Last fall, China's top oil companies forecasted that fuel demand in the country would rebound in the last quarter of the year, thanks to government stimulus and an improving economy. This was expected to positively impact the performance of their large oil refining divisions. Thus, potential remains for dividend growth which could support the share price of Cnooc in the near term.
Iran's Oil Exports Surge
Everyone's been looking at Russia, but Iran, another sanctioned nation, has seen its oil output and exports boom.
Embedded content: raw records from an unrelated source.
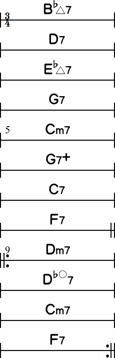 スティービー・ワンダーの「isn't she lovely」のコード進行を、少しアレンジしたものです。ポピュラー音楽もしばしば、ジャズにアレンジして、演奏される事があります。
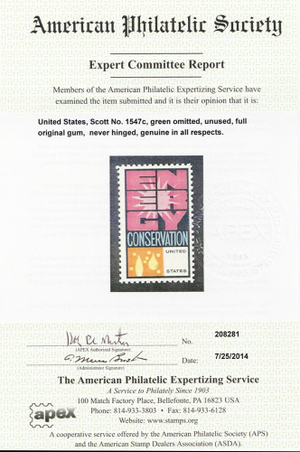 Due to the high cost of obtaining certificates we will only refund the cost of the stamp and not the cost of the certificate for stamps that sell for less than $250 that come back with a negative certificate. Stamps that sell for above $250 will receive a full refund for both the price of the stamp and cost of the certificate if it should come back not as described. For U.S. stamps only certificates from either APS, PSE or from the Philatelic Foundation are accepted, however "graded" certificates or "encased" items are not accepted.
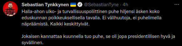 Kuitenkin, jos Halla-Aho jatkaa tällä linjalla voisin hyvinkin äänestää häntä presidentiksi. Ei todellakaan mitään persusettiä. Viisaita sanoja mitään kiertelemättä ja kaikki huomioiden. Mieshän on suorastaan puhjennut kukkaan. Toiset ovat parhaimmillaan kovissa tai koventuvissa paikoissa. Kuunnelkaa ihmeessä.
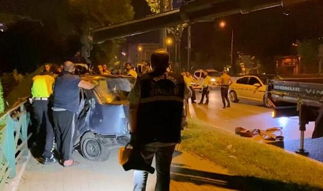 Bursa’da aşırı hız nedeniyle kontrolden çıkan otomobil önce kaldırıma çarptı ardından da yol kenarındaki demir korkulukları parçalayarak inşaat alanına düştü. Kazada otomobilde sıkışan Serdar Sezgin (20) hayatını kaybederken, sürücü Oktay Bora (21) ve Onur Karaorman ağır yaralandı.
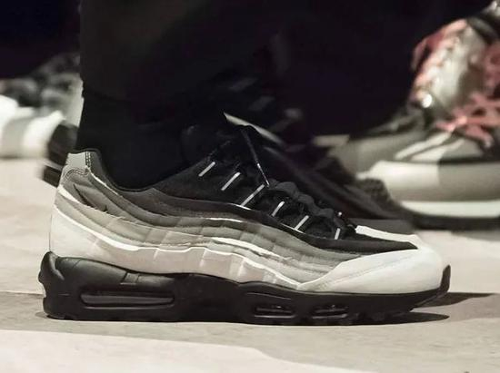 COMME des GARÇONS在与Nike合作了Shox TL的第二年,同样作为品牌巴黎时装周秀场的鞋款,双方又带来了这款Comme des Garçons x Nike Air Max 95。维持了川久保玲一贯的设计风格,此次合作依然采用了解构风格作为鞋款主要设计方向的呈现,将原本Air Max 95鞋身的线条缝合设计调整为了外露的海绵包裹、过长磨损的薄纱布料和看似未完成的缝线效果,并在细节处加入了3M反光元素。作为COMME des GARÇONS与Nike的合作宇宙中的一份子,这款Air Max 95很好的继承了系列的审美方向,也体现了球鞋更多的可能性。但最终在市场上的传播度却与该系列合作本身的价值大相径庭,二级市场的价格也几乎与发售价持平。
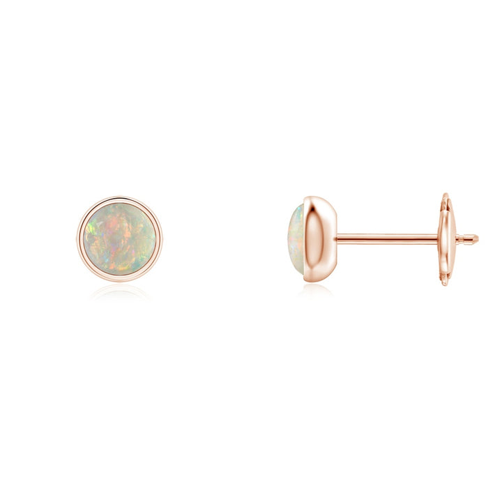 These Bezel Set Opal Solitaire Stud Earrings by Angara are modern and minimalistic. The 14k rose gold earrings showcase round cabochon opals secured in bezel settings, captivating with their play of colors and understated elegance.

"The timing couldn’t be better for the regime in Tehran, in need of cash after months of street protests," writes Javier Blas. "From the most recent low point, set in mid-2020, Iranian oil output has surged 40% despite Washington and Tehran failing last year to reach a new nuclear deal."
Since Biden walked away from the Iranian nuclear deal, America hasn't replaced its economic vice grip on Iran, though US Treasury maintains sanctions on some entities with regards to Iranian black-market oil sales. Blas suggests two reasons for the White House's blind eye: it's either unwilling or unable to enforce its sanctions, or it's more concerned with inflation.
Iran's production rose to 2.7 million barrels per day in December 2022, compared to 1.9 million barrels per day in July 2020. The increase has generated nearly $55 million a day or $1.6 billion a month for Iran. Research firm Vortexa Ltd. estimates that the country's total oil sales in December 2022 were 1.4 million barrels per day, the highest in over three years. China buys the lion's share of Iranian oil and often claims its origin is Malaysia.
Still, Irania output and export sits below the 3.8 million barrels per day of 2017-2018 after Tehran inked a nuclear deal with the West and economic sanctions were lifted. Trump reimposed these sanctions in 2018 and 2019, targeting oil sales.